Since the trace is not that much dim and I can still get decent focus
(although with
some struggle and having to retouch it when I change Intensity), I have
hopes that
the damage is still recoverable to some good degree. We shall see.

Do not forget to do the storage calibrations.
I will, as soon as the transformer is installed and I can put it back
online again.
I didn't go through the procedure yet and I hope it doesn't involve exotic
test equipment,
as I don't have them.

The second one is what I was thinking of.

Increase the heater voltage slightly with intensity set to maximum and
the CRT defocused to prevent damage. The trace could be moved off of
the screen for added safety.

Do we know what the standard heater voltage is for a 464? You may
need to carefully measure this before starting.
I`m glad that you're actually thinking of the second option!
It gives me hopes that I will be able to improve matters without having to
resort
to more radical approaches.
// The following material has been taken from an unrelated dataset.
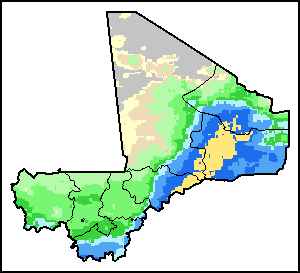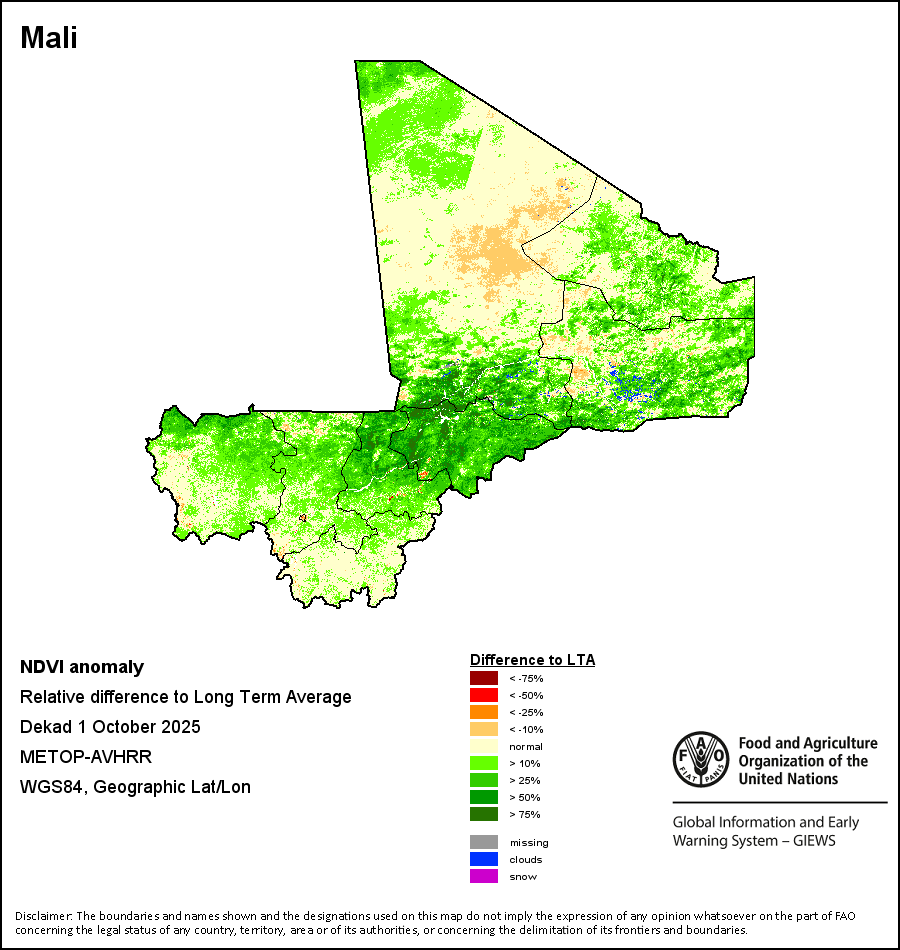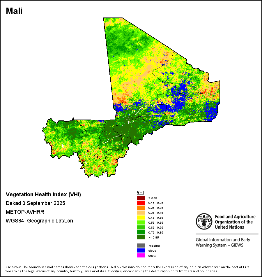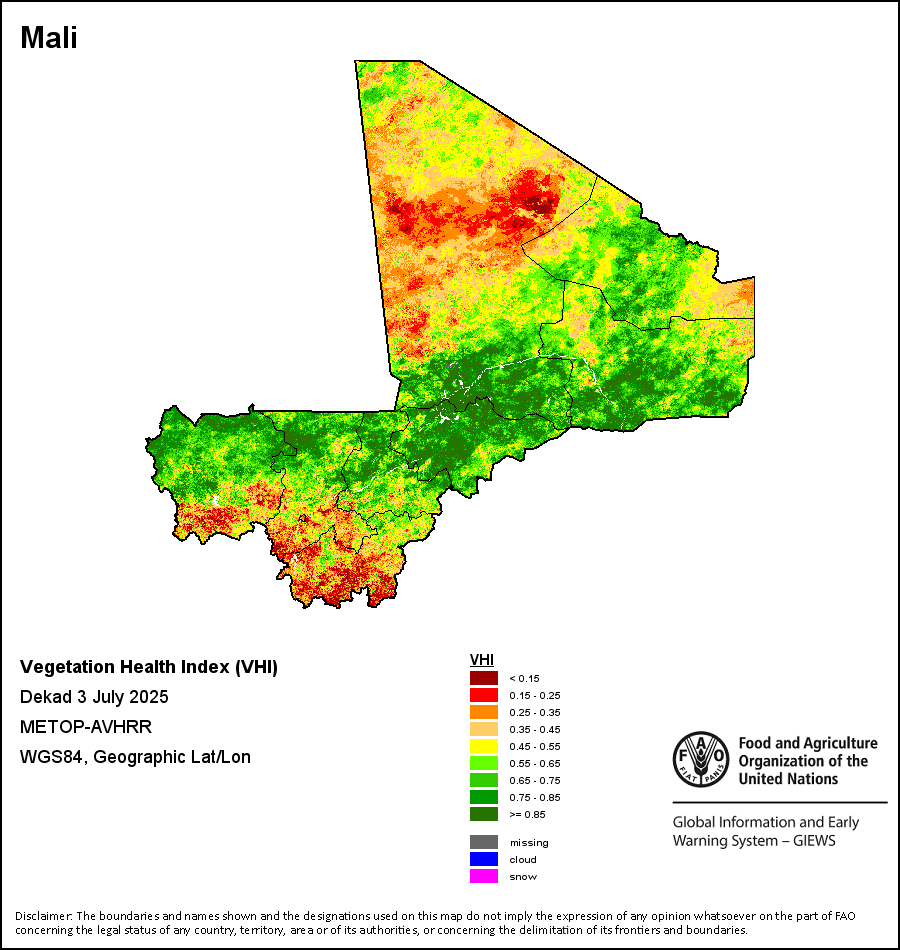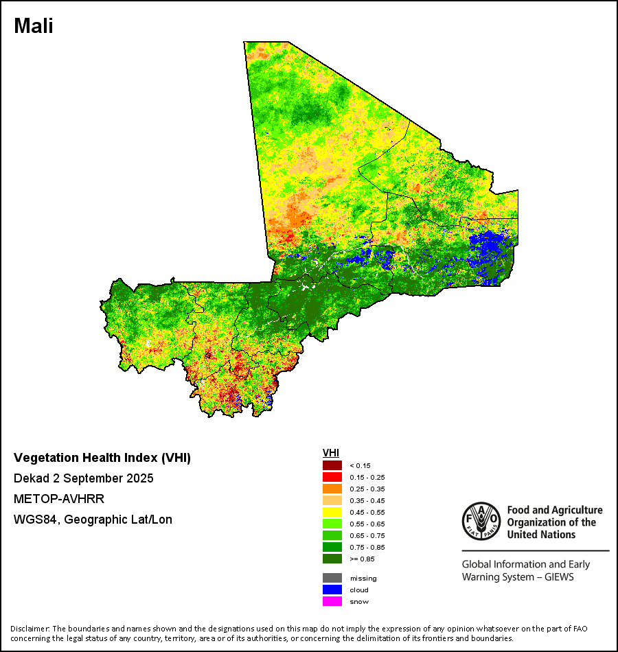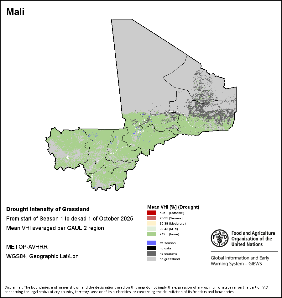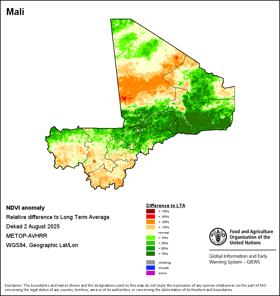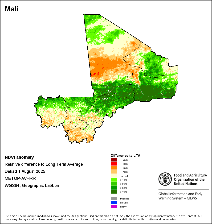 所有三项植被指标都是基于来自METOP-AVHRR遥感卫星分辨率1千米的10天(旬)植被数据(2007年及以后)得出的。1984-2006年期间的1千米分辨率数据得自NOAA-AVHRR16千米分辨率数据集。所有非洲国家的降水量估算(除佛得角和毛里求斯外)均取自NOAA/FEWSNet,其他国家则取自ECMWF。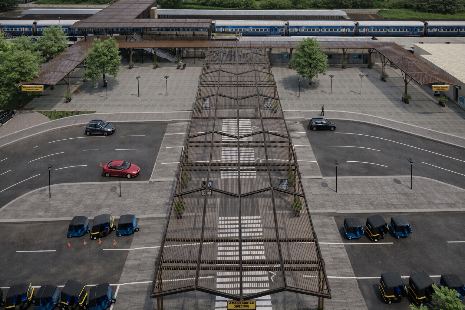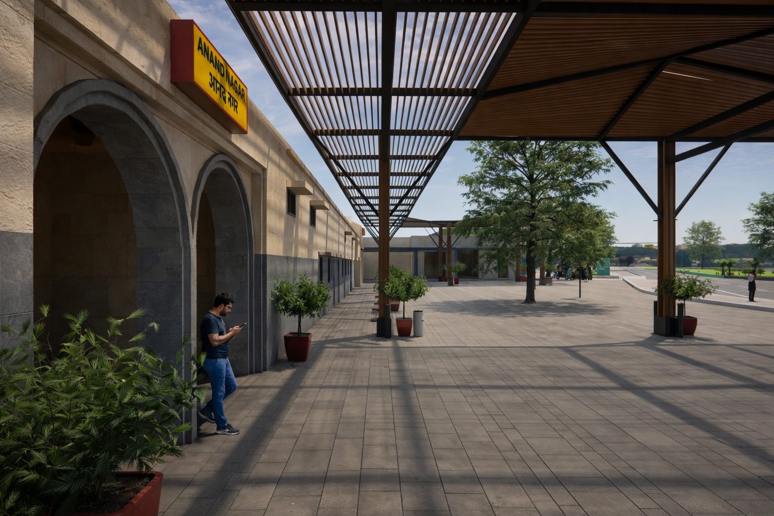 The re-development of Anand Nagar Railway Station envisions a climate-responsive, context-sensitive, and sustainable public infrastructure that enhances passenger experience while addressing the harsh climatic conditions of the region. The design concept draws inspiration from bamboo screen elements, interpreted through contemporary construction techniques to create a distinctive architectural identity for the station.

I fear hurting the CRT.

I tried to measure the heater voltage with my DMM (in AC) to no avail.
It can't measure AC to 50KHz... It's not True RMS.
I can still try to obtain a good reading indirectly, by rectifying it with
a signal diode
and a small cap (no load) and compensate the reading for the diode drop and
Peak
Value vs RMS value.
But apart from measuring, just looking at the schematics, I conclude that
it's 6.3V,
Up to serial number B129999 the heater voltage was DC, shunt regulated by
CR1514, C1514 and VR1514 (a 6.2V Zener) and mine doesn't have them (it's
B132839).
Since there are no other parts change coincident to that S.N129999
it means that units just prior to S.N. 129999 shared the same
transformer,CRT,
and everything else that matters like mine but still, they had the 6.2V DC
regulator
to the heater and mine doesn't, which means that my CRT must also be 6.3V.

That is a great idea. Make sure you include the connection between
the battery and the cathode supply at R1504 which is shown in the
schematic. The difference between the cathode and heater needs to be
small.
Absolutely, I know of the danger of arcing between the cathode and heater
that could cause the heater to blow, being why the heater is "elevated" to
the cathode's potential.

Maybe you can open W1514 and connect the battery there. The battery
circuit will be at a potential of -1470 volts so insulate it and watch
yourself.
That's a perfect spot to connect it. I will insulate the whole thing and
connect
it using some H.V. wiring (TV Flyback wiring...).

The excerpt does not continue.